Breast Implant Illness (BII) is the name for a cluster of symptoms that some women may develop in reaction to their implants. What makes BII so challenging is that it doesn’t seem to follow any rules. It can occur with both saline and silicone implants as well as smooth or textured implants. Some women manifest symptoms immediately after surgery. For others, it can take years. Furthermore, the symptoms themselves are wide ranging, and mimic those of other common conditions such as menopause, auto-immune disease, hormone imbalance and chronic pain syndrome. The most common symptoms that BII patients complain about are:
- Joint pain
- Brain fog
- Trouble sleeping
- Chronic pain
- Chest pain
- Hormone issues
- Hair loss
- Sensitivity to light
- Body odor
- Neurological issues
This makes positively diagnosing BII virtually impossible. My colleagues and myself who are studying BII believe it to be an allergic-type reaction to the shell of the implants. Similar reactions have been seen in patients with cardiac, joint and abdominal wall implants. The only way to find out whether or not your breast implants are the root cause of your problem is to remove them and see if your symptoms improve. My general approach is that if a patient feels her implants are making her sick, I take them out.
BIA-ALCL stands for breast-implant associated anaplastic large cell lymphoma. This cancer is extremely rare, and also quite real. Found, to date, only in patients with textured implants placed at some point in their lives, BIA-ALCL is an uncommon cancer that is not in the breast tissue itself, but in the capsule of scar tissue that forms around your breast implant. If diagnosed and treated early with a removal of the capsule (capsulectomy) and removal of the implants, BIA-ALCL has an extremely high cure rate. This is good news especially considering the fact that, in this country, textured implants have historically been used for breast reconstruction following breast cancer.
In light of the link between textured implants and BIA-ALCL, they have been taken off the market. Personally, I now only use smooth implants, and they’ve been my predominate implant of choice throughout my career. If you currently have textured implants and are not experiencing any changes such as swelling or pain, you do not need to have them removed. Some patients decide to do so for their own peace of mind, and I support any patient’s personal choice. The important thing to keep in mind if you have breast implants is to pay attention to any changes in the look and feel of your breasts, and to make certain that you see your breast surgeon annually to have them examined even if you feel fine.

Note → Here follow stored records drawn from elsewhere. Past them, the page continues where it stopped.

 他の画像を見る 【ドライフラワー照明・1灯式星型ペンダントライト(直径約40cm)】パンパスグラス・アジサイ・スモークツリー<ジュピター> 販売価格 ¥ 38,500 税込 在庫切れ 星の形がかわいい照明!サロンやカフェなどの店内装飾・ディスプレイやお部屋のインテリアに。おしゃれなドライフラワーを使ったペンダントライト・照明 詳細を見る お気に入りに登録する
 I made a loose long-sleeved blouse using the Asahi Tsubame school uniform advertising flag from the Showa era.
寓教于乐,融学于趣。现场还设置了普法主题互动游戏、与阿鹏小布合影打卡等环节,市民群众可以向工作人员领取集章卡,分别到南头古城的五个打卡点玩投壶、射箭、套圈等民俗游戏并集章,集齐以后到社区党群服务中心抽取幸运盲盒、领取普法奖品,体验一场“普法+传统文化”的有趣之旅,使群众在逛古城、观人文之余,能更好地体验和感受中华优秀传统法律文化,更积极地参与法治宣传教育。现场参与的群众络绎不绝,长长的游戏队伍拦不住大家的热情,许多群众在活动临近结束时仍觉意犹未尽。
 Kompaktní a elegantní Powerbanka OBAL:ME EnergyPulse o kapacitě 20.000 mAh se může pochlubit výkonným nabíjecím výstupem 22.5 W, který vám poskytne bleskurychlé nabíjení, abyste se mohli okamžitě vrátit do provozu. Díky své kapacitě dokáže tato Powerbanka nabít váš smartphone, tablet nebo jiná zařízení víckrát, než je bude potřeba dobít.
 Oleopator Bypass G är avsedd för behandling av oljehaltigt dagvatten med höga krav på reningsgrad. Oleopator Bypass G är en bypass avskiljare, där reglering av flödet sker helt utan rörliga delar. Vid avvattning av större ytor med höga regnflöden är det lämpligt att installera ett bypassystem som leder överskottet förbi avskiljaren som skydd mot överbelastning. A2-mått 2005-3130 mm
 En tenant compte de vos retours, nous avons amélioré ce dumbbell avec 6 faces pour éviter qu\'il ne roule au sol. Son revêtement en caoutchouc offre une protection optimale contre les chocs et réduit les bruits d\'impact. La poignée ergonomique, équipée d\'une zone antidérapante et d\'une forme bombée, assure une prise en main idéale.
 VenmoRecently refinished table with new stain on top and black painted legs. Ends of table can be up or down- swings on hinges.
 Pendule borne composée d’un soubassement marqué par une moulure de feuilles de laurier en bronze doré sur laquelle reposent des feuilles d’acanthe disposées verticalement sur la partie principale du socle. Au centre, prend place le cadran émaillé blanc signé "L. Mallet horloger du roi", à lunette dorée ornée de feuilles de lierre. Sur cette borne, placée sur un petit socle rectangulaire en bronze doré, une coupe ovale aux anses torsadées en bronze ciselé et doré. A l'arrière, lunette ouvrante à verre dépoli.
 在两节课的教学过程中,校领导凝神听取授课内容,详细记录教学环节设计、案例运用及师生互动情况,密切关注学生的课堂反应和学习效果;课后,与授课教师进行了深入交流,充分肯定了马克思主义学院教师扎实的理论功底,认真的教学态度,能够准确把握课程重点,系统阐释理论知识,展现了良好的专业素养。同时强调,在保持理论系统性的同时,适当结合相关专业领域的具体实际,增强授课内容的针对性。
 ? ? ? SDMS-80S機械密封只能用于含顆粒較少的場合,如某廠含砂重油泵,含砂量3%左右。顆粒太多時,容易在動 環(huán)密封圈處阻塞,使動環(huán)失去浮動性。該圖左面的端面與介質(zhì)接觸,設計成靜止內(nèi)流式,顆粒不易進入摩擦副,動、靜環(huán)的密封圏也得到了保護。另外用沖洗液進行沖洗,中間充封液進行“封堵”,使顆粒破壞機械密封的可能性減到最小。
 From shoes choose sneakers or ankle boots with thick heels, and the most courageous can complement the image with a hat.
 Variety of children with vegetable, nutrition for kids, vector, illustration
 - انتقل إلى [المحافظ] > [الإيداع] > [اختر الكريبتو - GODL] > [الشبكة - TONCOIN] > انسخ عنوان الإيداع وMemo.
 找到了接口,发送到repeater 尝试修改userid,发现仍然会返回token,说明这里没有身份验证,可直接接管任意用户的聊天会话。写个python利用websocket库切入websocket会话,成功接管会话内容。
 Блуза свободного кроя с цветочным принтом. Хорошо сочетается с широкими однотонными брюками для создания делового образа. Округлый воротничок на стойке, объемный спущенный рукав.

What is ASPS Doing About BII?
As discussed, ASPS has devoted serious resources to understanding BII, and will soon publish a list of the symptoms most frequently associated with the condition. This will not only help us to address patient concerns, but also provide evidence-based care so that any prospective patient can understand her risks. We are also working to establish a database where patients can report their symptoms and register their breast implant:
- Device or brand name
- Adverse reaction and/or surgical intervention
Knowledge is power. The more evidence that can be accrued regarding BII, the more we can help our patients to stay safe.
FDA Now Requires Patient Decision Checklist on All Implants
I want to reiterate that most breast augmentation patients experience no issues. Breast implants are one of the most studied medical devices in the world, and their safety has been proven in multiple medical studies. However, BII and BIA-ALCL must be considered. This is why the FDA now requires that all breast implant manufacturers include a product-specific Patient Decision Checklist with every device. It includes all current information on known or reported risks. When you come in for your breast augmentation pre-op exam, we will review this list together. I have always reviewed these issues with my patients before surgery, but this document helps keep the information nicely organized. It’s a great opportunity for you to ask questions and for me to ensure that I’ve addressed all of your concerns so that you are fully aware of your risks. You must then sign this checklist before surgery. I think having this checklist is an important step in creating the safe, exemplary outcome that we both desire. To find out more about a breast augmentation with Dr. Sean Doherty at his Boston or Brookline office, contact us today or call (617) 450-0070 to schedule a consultation.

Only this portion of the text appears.